Description of the task: Transcribe exactly, and only, the lines that fall between the line containing "刘晓红感谢黄润源女士的大爱善" and the last line of the material, both ends included, omitting any pictures.

Extracted material START

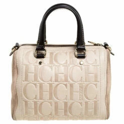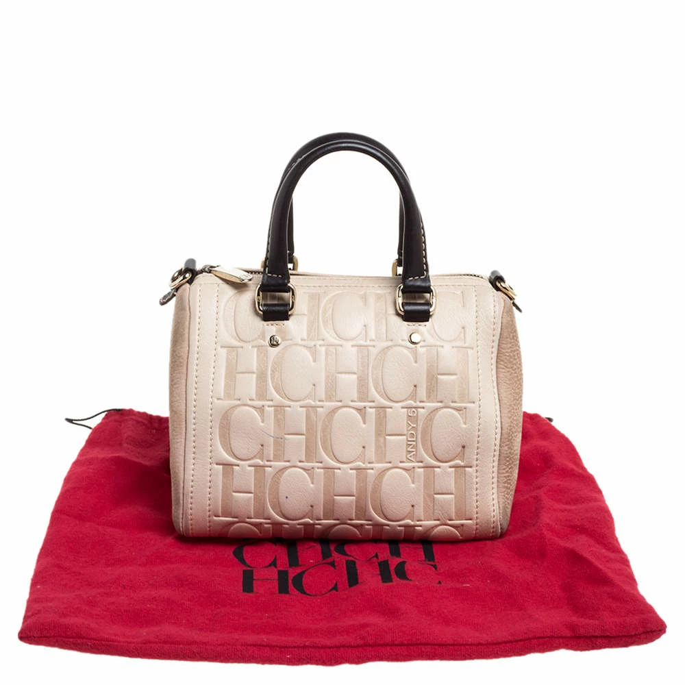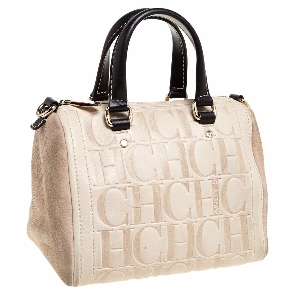 A truly elegant piece to add to your collection, this Andy Boston Bag by Carolina Herrera comes crafted from beige leather and styled with monogram embossing all over. It features a top zip closure, two handles, protective metal feet, and a spacious canvas interior to house your essentials. This bag is a creation for all occasions.
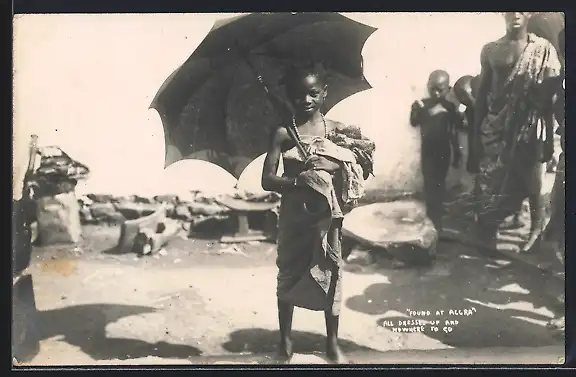 AK Accra, Junges Ghanaisches Mädchen im Kleid mit Sonnenschirm
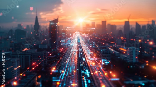 Fototapeta premium A futuristic cityscape with neon lights forming thought bubbles, showcasing a...
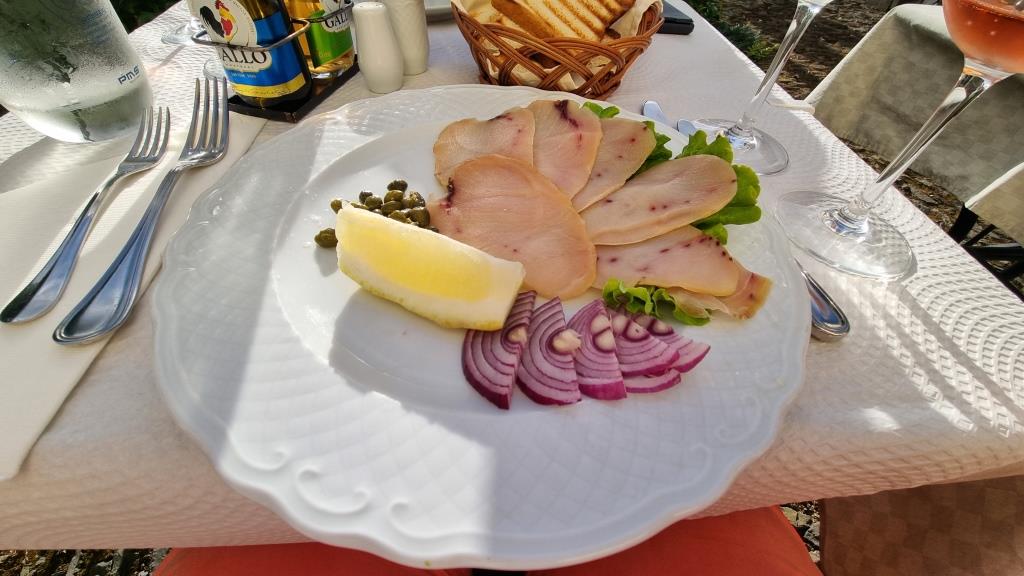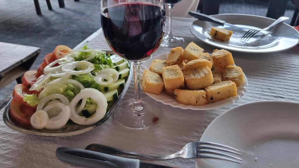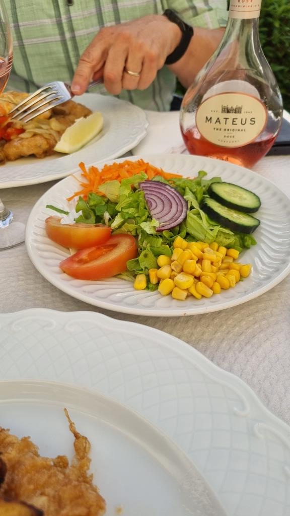 Auch diesen Abend essen wir im Hotel, dazu reservieren wir uns wieder das hübsche Tischchen im Garten. Das Abendessen ist ganz gut im Gegensatz zum Frühstück. Trotzdem werden wir morgen auswärts essen gehen.
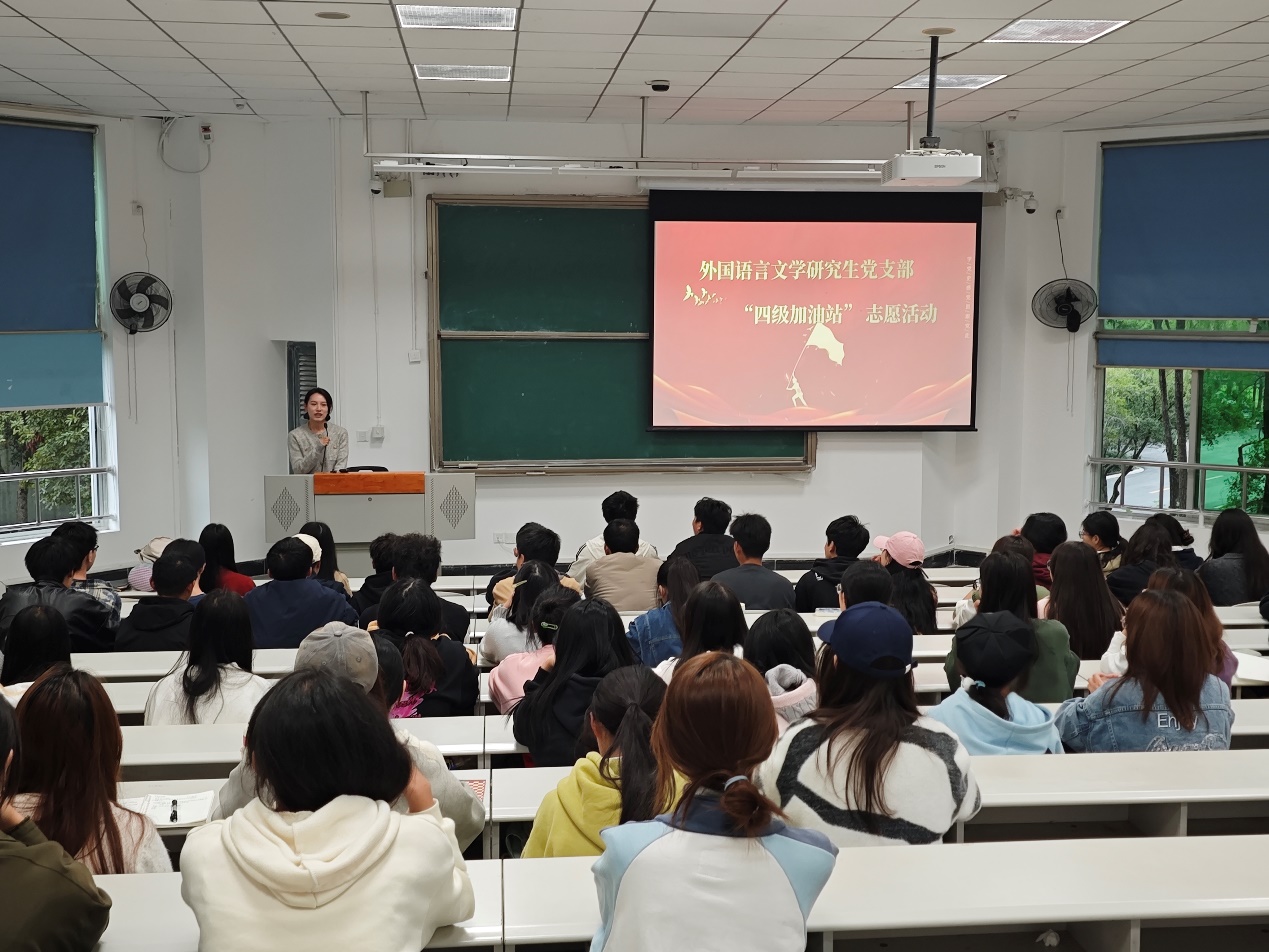 临近大学英语四六级考试,校园内掀起了积极备战的热潮。为发挥党员的先锋模范作用,彰显党员的服务意识,betway88西汉姆联外国语言文学研究生党支部于11月7日下午开展了党员特色志愿服务——“四级加油站”(第一期),面向马克思主义学院大一本科生进行大学英语四级备考帮扶,通过系统的语法、阅读、写作等板块的针对性巩固练习,切实提升同学们英语综合能力,助力马院学子顺利通过大学英语四级考试,为学校申博重点学科提供支持。
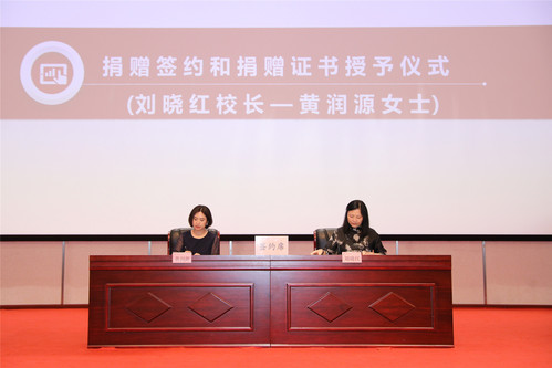 刘晓红感谢黄润源女士的大爱善举。她指出,黄润源女士无私奉献,多年来持续支持教育事业,扶持优秀学子。今天,黄润源女士决定向我校教育发展基金会无偿捐赠400万元,设立专项基金,全力支持我校学科科研发展。这是今年6月我校教育发展基金会正式获批后收到的第一笔捐赠,也是我校办学以来所接受的单笔最高金额的善款。刘晓红强调,近年来,学校不断适应社会发展形势,持续探索符合上政实际和社会需求的人才培养机制、办学治校模式。先后成立了校友会、校务委员会、教育发展基金会,并鼓励二级学院设立理事会,积极搭建平台吸纳广大校友、行业企业和社会各界人士参与办学治校。今天,黄润源女士与上政签约,既是我校合作交流的新成果,也是我校开放办学的新起点。相信在黄润源女士等爱心人士的鼎力相助和社会各界的大力支持下,学校必将凝聚提升内涵、加快发展的强大动力,推进学校高质量发展迈上新台阶。
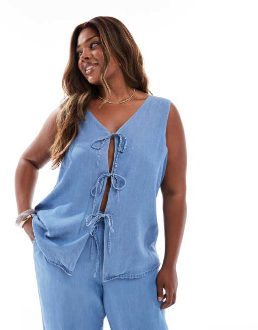 Vero Moda Curve – Oberteil aus blauem Chambray mit Bindedetail vorn, Kombiteil

Extracted material END

Response area:
 刘晓红感谢黄润源女士的大爱善举。她指出,黄润源女士无私奉献,多年来持续支持教育事业,扶持优秀学子。今天,黄润源女士决定向我校教育发展基金会无偿捐赠400万元,设立专项基金,全力支持我校学科科研发展。这是今年6月我校教育发展基金会正式获批后收到的第一笔捐赠,也是我校办学以来所接受的单笔最高金额的善款。刘晓红强调,近年来,学校不断适应社会发展形势,持续探索符合上政实际和社会需求的人才培养机制、办学治校模式。先后成立了校友会、校务委员会、教育发展基金会,并鼓励二级学院设立理事会,积极搭建平台吸纳广大校友、行业企业和社会各界人士参与办学治校。今天,黄润源女士与上政签约,既是我校合作交流的新成果,也是我校开放办学的新起点。相信在黄润源女士等爱心人士的鼎力相助和社会各界的大力支持下,学校必将凝聚提升内涵、加快发展的强大动力,推进学校高质量发展迈上新台阶。
 Vero Moda Curve – Oberteil aus blauem Chambray mit Bindedetail vorn, Kombiteil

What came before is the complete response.